A cafeína e o desempenho
físico
AMERICAN COLLEGE OF SPORT MEDICINE - CURRENT COMMENT
JULY - 1999
Tradução:
Michelle Reis de Sousa*
A cafeína talvez seja o estimulante mais usado no mundo. Ela é encontrada
em uma variedade de plantas, em fontes da dieta diária (incluindo café,
chá, chocolate, cacau e colas), e em medicamentos não prescritos.
A média de consumo de cafeína nos Estados Unidos da América é de
aproximadamente 2 xícaras de café por dia (200 mg); 10% da população
ingere mais de 1000 mg por dia. A cafeína é uma droga legal,
socialmente aceita, e consumida por quase todos os grupos na sociedade.

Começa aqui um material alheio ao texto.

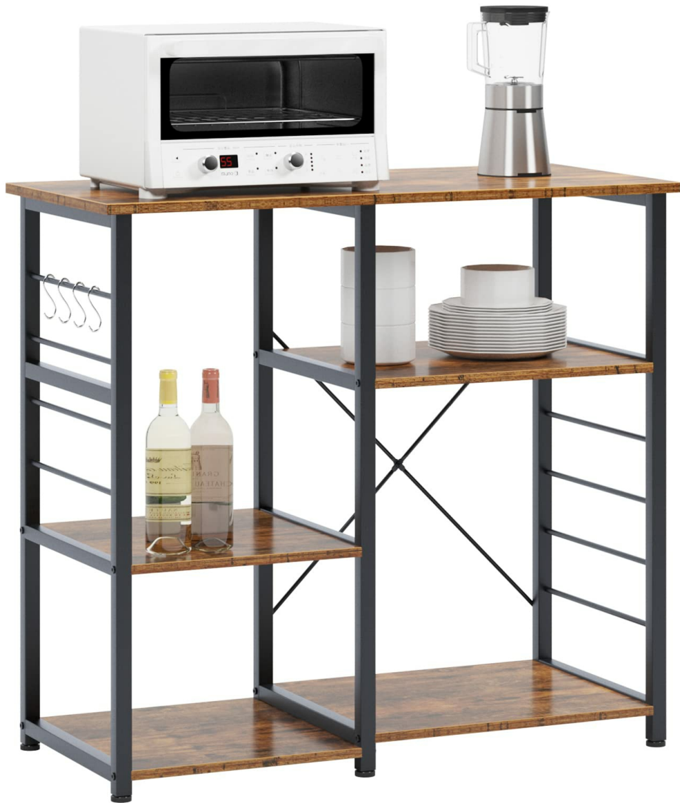
Image 1.1: Assembled soges Baker's Rack. Ensure proper assembly for safety and stability.

A cafeína é tida como um suplemento ergogênico nutricional,
mas ela não possui nenhum valor nutricional. A cafeína ingerida é rapidamente
absorvida pelo estômago e atinge seu ponto máximo no sangue entre
1 e 2 horas. A cafeína tem o potencial de afetar todos os sistemas do
corpo, já que é absorvida pela maioria dos tecidos. A cafeína
remanescente é decomposta no fígado e os subprodutos são
eliminados pela urina.
A
cafeína e o desempenho na prática de exercícios
de endurance
Estudos laboratoriais dos anos 70 sugeriam que a cafeína
melhorava o desempenho na prática de exercícios
de endurance, pois aumentava a liberação de adrenalina
no sangue, estimulando assim, a liberação de ácidos
graxos pelos tecidos de gordura e/ou pelos músculos
esqueléticos. Os músculos exercitados utilizam
essa gordura previamente na atividade física, reduzindo
a necessidade de usar o carboidrato (glicogênio) do músculo.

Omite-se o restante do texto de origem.